Сильный удар грома потряс воздух и заставил землю задрожать подобно раненной лани. Я не устоял на ногах, я упал лицом вниз – земля подо мной стонала, дрожала и ходила ходуном, словно грудь тяжело больного.
Я плохо помню, что было дальше.
Это была душераздирающие прекрасная и убийственная, безумная, беспощадная, вышедшая из-под контроля ночь, превратившаяся в светопреставление.
Звездное небо, словно открытую рану, разорвало молнией, затем еще и еще одной. Мгновение – и небо сделалось черным, как в Судный день. Еще мгновение – и хлынул дождь, нет, самый настоящий ливень, ледяной и обжигающий, который почти тут же превратился в град. А вместе с градом на землю обрушились вихрь, ураган, стихия, которые, словно, вырвавшись из безжалостной ночи рыдающих глаз замершего с простертыми к небу руками юного ангела, черной стрелой пронеслись по земле, сметая своим дыханием все на своем пути.
Деревья затрещали и накренились; некоторые из них, вырванные, вывороченные с корнем, со сломанными ветвями понеслись к реке, черные воды которой встали дыбом, словно вырвавшийся на свободу дикий конь.
С крыши монастыря летели бревна и черепица…
Воздух звенел, выл и стонал, наполненный шумом ветра, беспощадными ударами ледяного ливня и стонами терзаемой земли.
…И среди этого шума, грома, стона и воя вдруг раздался иной звук – настолько сильный, что заглушил все остальные, пронзительно прекрасный, рвущий уши и сердце отчаянным эхом своей непереносимой боли, словно где-то там, между небом и землей, в муках догорала звездная октава Вселенной.
Это кричал мой друг. Кричал дико и отчаянно, закрыв глаза и запрокинув голову, и лицо его, умытое слезами и ливнем, было похоже на расколотую молнией маску древнего бога с черными провалами глаз.
- Почему?! Почему?! За что?! – кричал он с яростным отчаянием, словно пытаясь разбудить кого-то там, наверху, и воззвать к его совести. – Зачем тебе этот мир? Разве мало других миров во Вселенной?.. Зачем ты мучаешь их, тех, кому он принадлежит по праву, и за что терзаешь меня, того, кто этому миру не принадлежит?! Я не хочу, не хочу и не буду больше тебе подчиняться. Я – твое создание, но, прости, я – не твоя вещь, которую можно ломать и гнуть по своему усмотрению. Я свободен, свободен, свободен!..
Вне себя от ужаса я бросился к великому магистру, однако это было не так легко – ветер не пускал меня, хлестал по щекам и бил в грудь.

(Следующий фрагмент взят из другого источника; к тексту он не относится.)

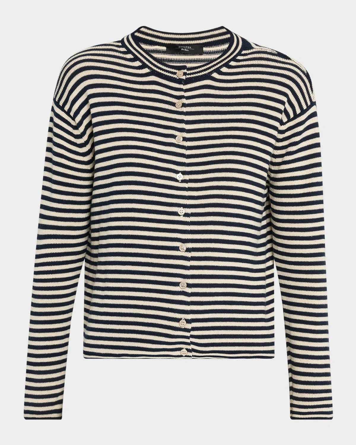 Weekend Max Mara "Eritea" cotton knit cardigan with horizontal stripes Crew neckline Drop shoulders Long sleeves Relaxed fit Cotton Hand wash Imported
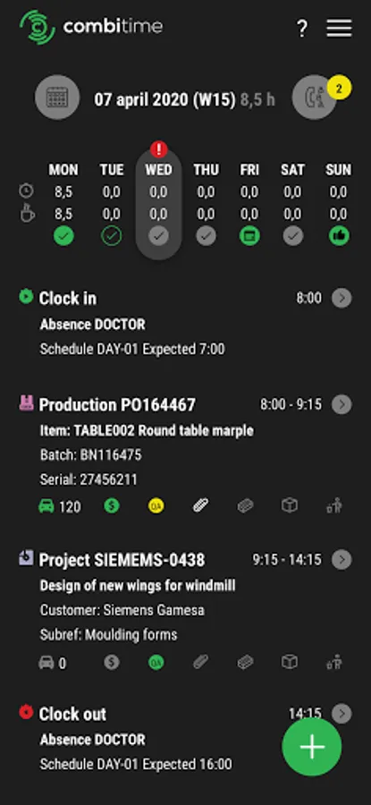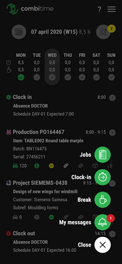 Registration of attendance, breaks, absences, etc. done via the intuitive Mobile App. All registration clients can be configured for individual needs, from the very simple to the more advanced. The configuration can be done all the way down to the individual employee if desired. Daily norms, weekly norms or other period norms are set up flexibly and generically.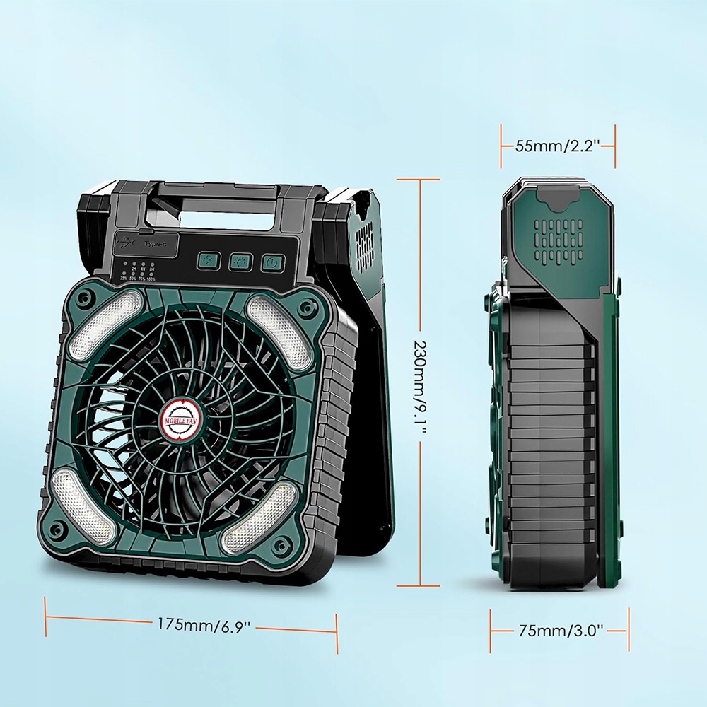 Вентилятор подорожі має розміри 9*6,9*2,9 дюйма (23*17,5*7,5 см) і важить 1,8 фунта, завдяки цьому простому перенесенню.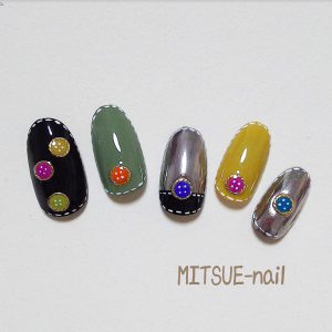 こちらは『ミラー感ネイル』ボタンとステッチを乗せた個性派ミラーネイルです!ミラーのイメージをちょっと変えたくて、あえてボタンにステッチのほっこりアートを合わせてみました。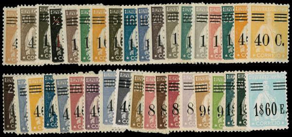 1928-29, Ceres, 4c-1.60e surcharges on ¼c-20e complete (Scott 453-489), o.g., lightly hinged or hinge remnant, Fine to Very Fine. Scott $129. (Image)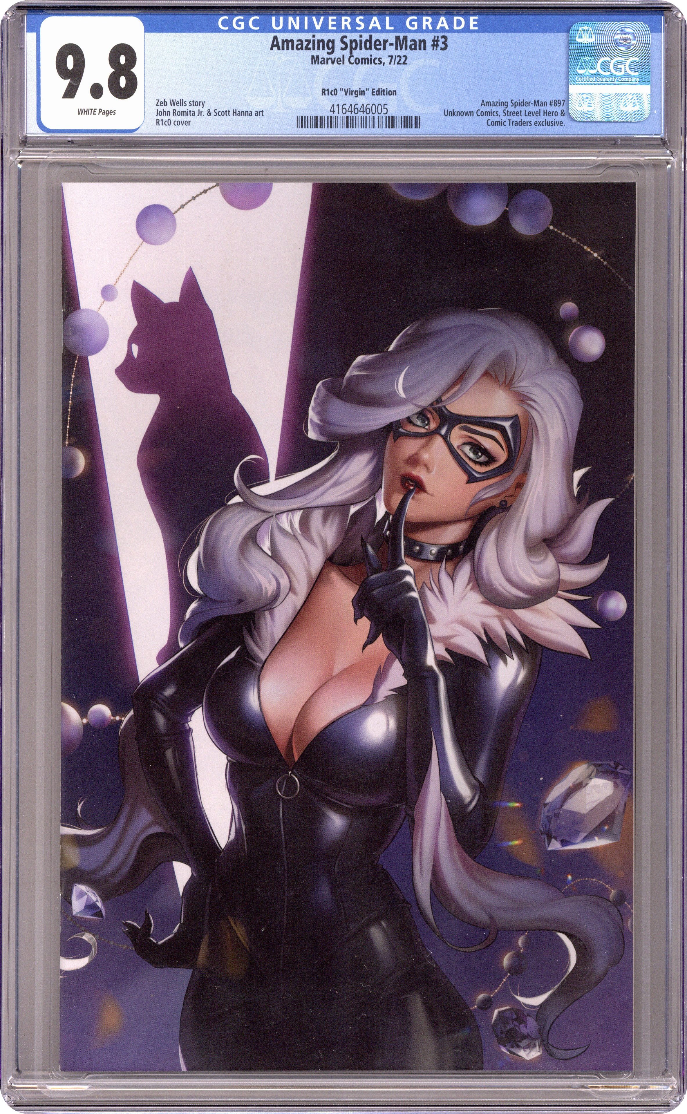 Ended Feb 20 2024 Winning Bid $61 Comics Illuminati (Unknown Comics, Street Level Hero, and Comic Traders) Exclusive Virgin Cover by R1C0. Written by Zeb Wells. Art by John Romita Jr. I know that this is just #3, but did you notice that it's LGY #897? That means something big is RIGHT AROUND THE CORNER! There are things you don't know about Tombstone. Neither you, nor Spider-Man, will ever forget them. 28 pages, full color. Rated T Grade: CGC 9.8 explanation of grade Condition: Used (collectible)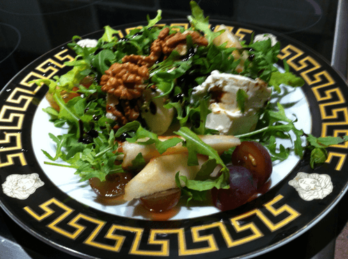 Полить салат маслом и бальзамическим кремом (рисуя полосочки).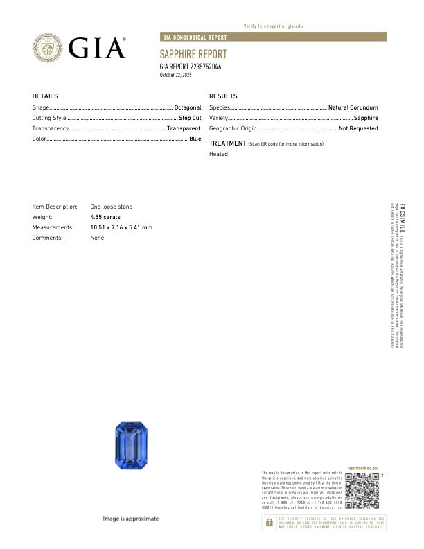 Meet your new favorite gemstone obsession—this stunning 4.55 carat blue sapphire, certified by GIA. With its gorgeous deep blue color and impressive size, this beauty is ready to turn heads and steal hearts. Whether you're building an enviable collection or dreaming up the perfect custom piece, this sapphire brings the sparkle and sophistication you've been craving. A gem that's as fun to own as it is gorgeous to admire.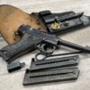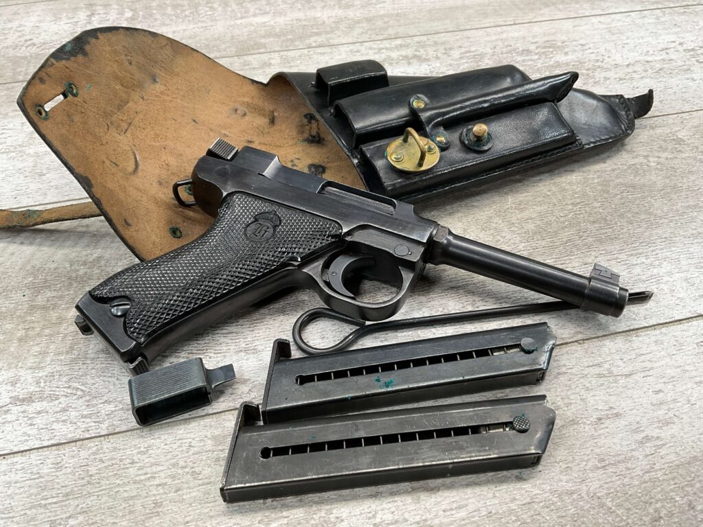 HUSQVARNA LAHTI M40 9MM SEMI AUTO PISTOL RIG #D11556, 9MM, ALL MATCHING W/ORIGINAL BLUE FINISH W/HIGH EDGE WEAR, EXC CHECKERED GRIPS W/NO CRACKS, VG BORE W/LIGHT FROSTING, EXC MECHANICALLY, “HV CROWN” ON REAR RECEIVER, ORIGINAL TRIPLE CROWN MARKED HOLSTER, TWO SPARE CROWN MARKED MAGAZINES & 1 NON MARKED, LOADING TAKEDOWN TOOL & CLEANING ROD, IMPORT MARKED, ROUGHLY 1944 MFR, EXC OVERALL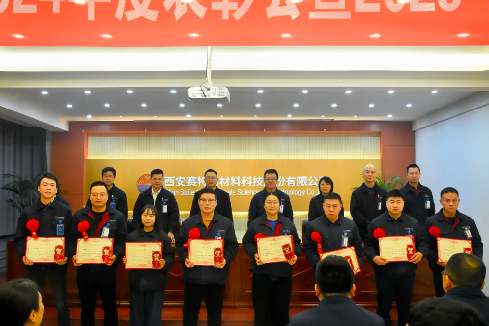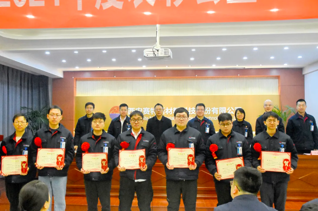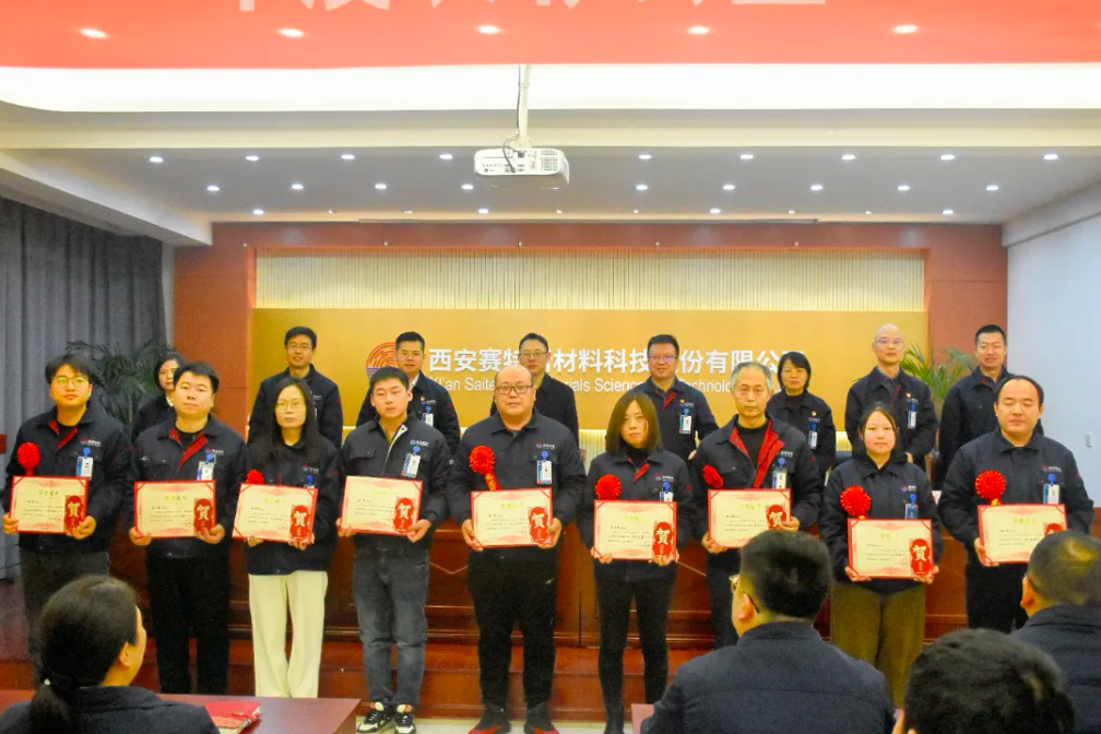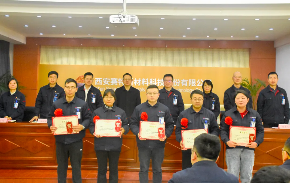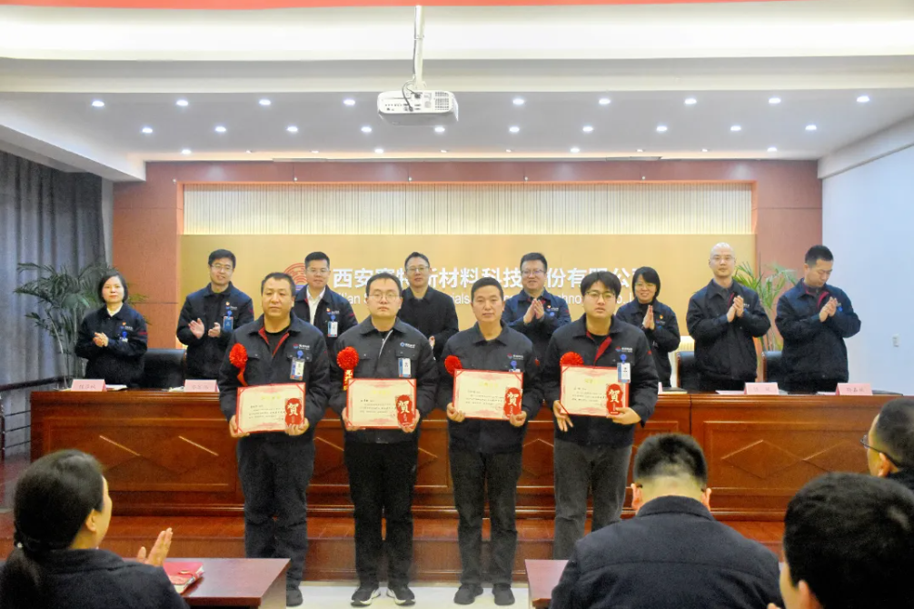 歲序更新,華章日新。1月23日,公司2024年度表彰大會(huì)暨迎新春年會(huì)在二樓報(bào)告廳隆重舉行。西北有色金屬研究院副院長張于勝,賽特公司經(jīng)營層,中層干部、職工代表及受表彰的集體和個(gè)人參加了會(huì)議。會(huì)議由楊曉康董事長主持。

- Александр, пожалуйста! – ценой нечеловеческих усилий я, наконец, прорвался к нему и, крепко обхватив его руками, попытался обнять, прижать к себе, но – бесполезно: легче было бы сдвинуть с места мраморную колонну.
- Александр, - оставив свои бесполезные попытки, я без сил опустился у его ног. – Александр, пожалуйста, прекратите. Не нужно этого! Опомнитесь, ведь вы бог, а бог не может, не имеет права сходить с ума, пусть даже страдания его сильны, как смерть и время. Иначе мир рухнет.
Я не знаю, услышал он меня или нет, но… Руки его медленно опустились.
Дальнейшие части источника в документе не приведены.